Murphy’s memoir on steady slide

NO SALE - Early reviews and sales figures indicate U.S. Rep. Patrick Murphy's memoir, for which he received a $100,000 advance, is a bust.

Critical reviews and sales tracking figures from Amazon.com have not been kind to U.S. Representative Patrick Murphy’s nearly two-month old memoir, Taking the Hill.

Murphy’s tale of growing up in Northeast Philadelphia, serving as an army lawyer in Iraq, his campaign and subsequent election to Congress, earned the freshman Pennsylvania Democrat a staggering and controversial $100,000 advance for his first-ever book.  Most Congressional memoirs earn only a fraction of that amount.

To date, only two published reviews have been made about the book, and neither was kind.  Philadelphia Magazine called Murphy’s book “banal” and “self-congratulatory,” while the Philadelphia Inquirer said of the Buck’s County Democrat’s early political success, “he should have quit while he was ahead.”

“Instead,” they wrote, “he went on…to write his memoir,” panning the book’s “sketchy anecdotes,” “hackneyed prose and the irrelevant detail.”

One of the harshest reviews of Murphy’s book was offered at Military.com, which claims to be “the largest military and veteran membership organization” in the United States, with a stated 10 million members.

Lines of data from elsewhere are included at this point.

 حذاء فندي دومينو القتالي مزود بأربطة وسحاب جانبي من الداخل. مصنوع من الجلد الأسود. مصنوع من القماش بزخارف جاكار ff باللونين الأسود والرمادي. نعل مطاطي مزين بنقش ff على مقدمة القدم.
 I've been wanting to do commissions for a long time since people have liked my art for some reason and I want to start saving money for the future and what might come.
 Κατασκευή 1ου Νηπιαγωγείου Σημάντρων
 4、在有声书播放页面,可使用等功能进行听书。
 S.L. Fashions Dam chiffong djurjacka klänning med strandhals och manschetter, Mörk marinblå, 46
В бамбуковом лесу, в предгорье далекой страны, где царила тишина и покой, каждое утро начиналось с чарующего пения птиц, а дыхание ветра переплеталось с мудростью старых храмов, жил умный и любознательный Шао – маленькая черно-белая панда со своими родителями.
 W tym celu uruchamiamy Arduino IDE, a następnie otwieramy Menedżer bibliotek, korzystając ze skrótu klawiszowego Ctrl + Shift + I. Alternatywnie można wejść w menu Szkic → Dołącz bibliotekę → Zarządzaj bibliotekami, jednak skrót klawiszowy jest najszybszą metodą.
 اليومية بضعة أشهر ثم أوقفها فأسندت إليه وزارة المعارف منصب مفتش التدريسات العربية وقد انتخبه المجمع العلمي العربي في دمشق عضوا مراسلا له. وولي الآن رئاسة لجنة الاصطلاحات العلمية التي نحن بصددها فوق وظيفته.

In his review, Tom Miller, a former Army officer, Vietnam Veteran and published author, wrote “exaggeration is typical of Murphy's narrative,” saying the title of the book must refer to Murphy’s election to Congress, “since Army lawyers don't take hills.”

“Of all Murphy's fanciful statements, none rankles more than his clumsy attempt to compare his uphill congressional campaign with the fight faced by the 82nd Airborne in Normandy and at the Battle of the Bulge in 1944,” he wrote.  “Such is the conceit of modern politicians.”

POOR SALES
While Amazon.com provides sales rankings for books, it is a complicated and proprietary algorithm.  Numerous articles have been written about how to convert that ranking into sales figures, and even though there is no consensus on how Amazon.com’s ranking reflects actual sales, there is near universal agreement on its benchmarks.

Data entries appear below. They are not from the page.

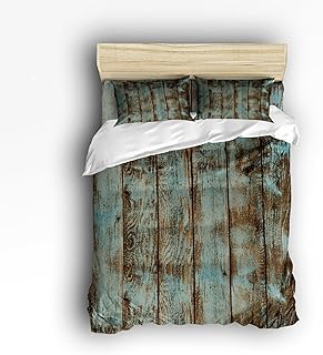 Vandarllin クイーンサイズ寝具セット - 装飾的で素朴な古いバーンウッドアート布団カバーセット ベッドカバー 子供/子供/ティーン/大人向け 4ピース 100%コットン
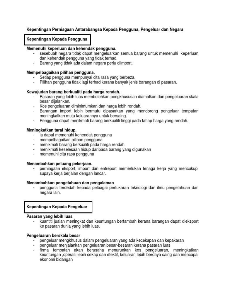 Kepentingan Perniagaan Antarabangsa Kepada Pengguna
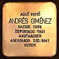 AQUÍ VIVIÓ ANDRÉS GIMÉNEZ NACIDO 1898 DEPORTADO 1941 MAUTHAUSEN ASESINADO 2.12.1941 GUSEN |
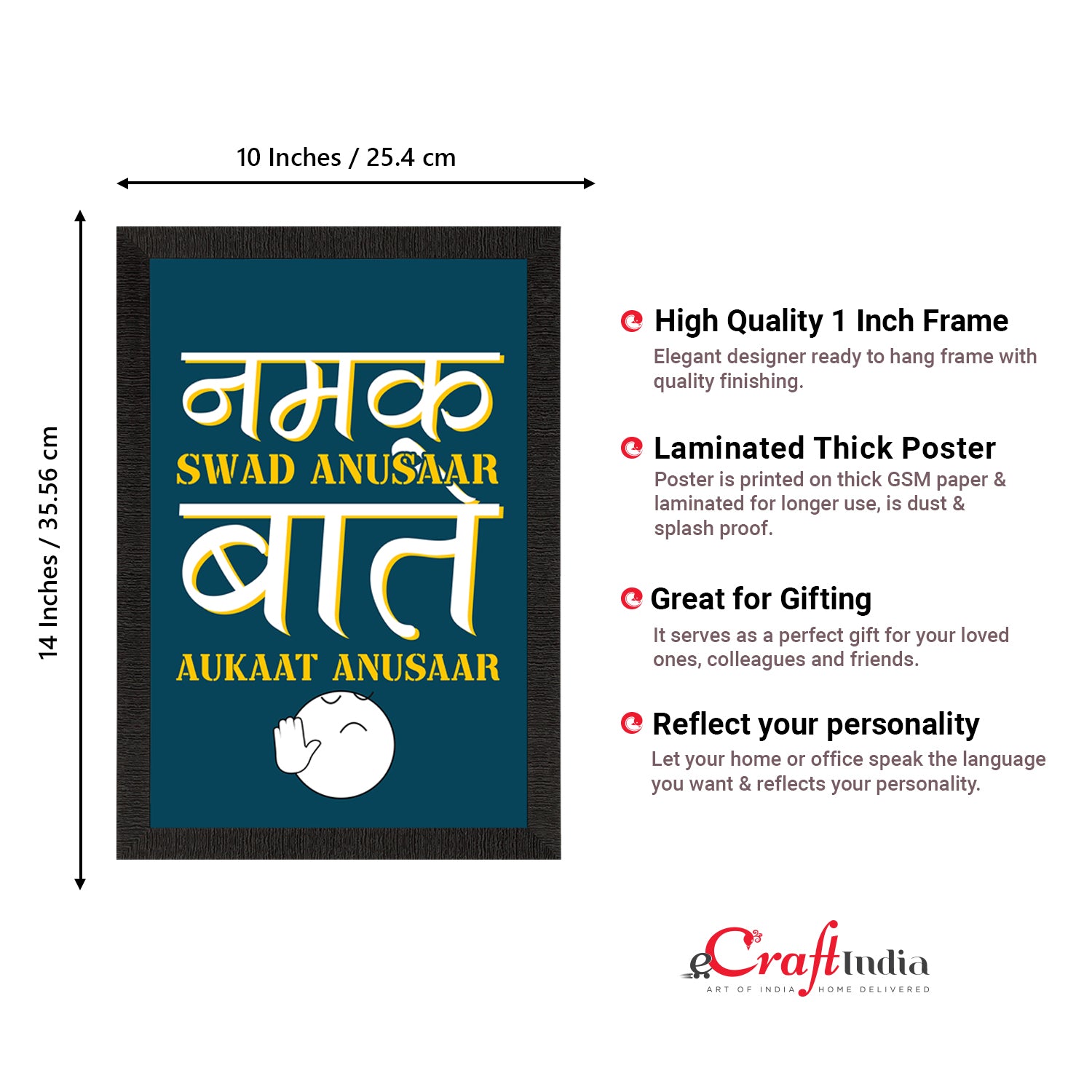 Product Description - Decorate your home & office walls with eCraftIndia "Namak Sawad Anusaar Batein Aukaat Anusaar" Quirky Quote Satin Matt Texture UV Art Painting. Each design reflects the artistic qualities and time one has taken to design these posters. Exquisitely printed on high quality paper, it is also a perfect gifting option. These posters comes with high quality Glue Drops. Glue Drops are non-messy double-sided adhesives. These can be used for sticking posters on wall if required.

After nearly two months on the shelves, Murphy’s book is far from selling the 50,000 copies its needs to turn a profit.  On March 10, 2008, Taking the Hill received an Amazon.com sales ranking of 28,444, selling at an estimated pace of between one and 10 copies a week.  By yesterday, it fell to 156,689, indicating total projected sales of under 200 copies.

The rankings are volatile and can change suddenly.  But even if Murphy returns to his March 10 rating, and sells ten copies every week, he would have to maintain that pace for more almost a decade simply to earn back his agent’s initial $100,000 investment.

AT ODDS WITH OBAMA?
Murphy was an early and strong supporter of Illinois Senator Barack Obama’s Presidential candidacy, and was named co-chair of Obama’s campaign in Pennsylvania.  On Monday, Murphy combined that effort with another sales pitch for his book, appearing at St. Joseph’s University Book Store in Philadelphia to sign copies of his memoir and promote Obama’s candidacy in Pennsylvania’s April 22 primary.

But on one issue at least, Obama and Murphy disagree.  After radio shock-jock Don Imus made disparaging, racially-tinged comments about the Rutgers University women’s basketball team, Obama called for Imus to be fired, and vowed he would never again appear on the show.

“I would also say that there's nobody on my staff who would still be working for me if they made a comment like that about anybody of any ethnic group,” Obama told ABC News one year ago.  "I have no intention of returning (as an Imus guest)."

Murphy appears to have a kinder view of Imus.

According to Murphy’s book promotion schedule, which is run by his re-election campaign, the freshman Democrat was a guest on Imus’s show February 20, 2008.  According to that same schedule, he appeared for one minute.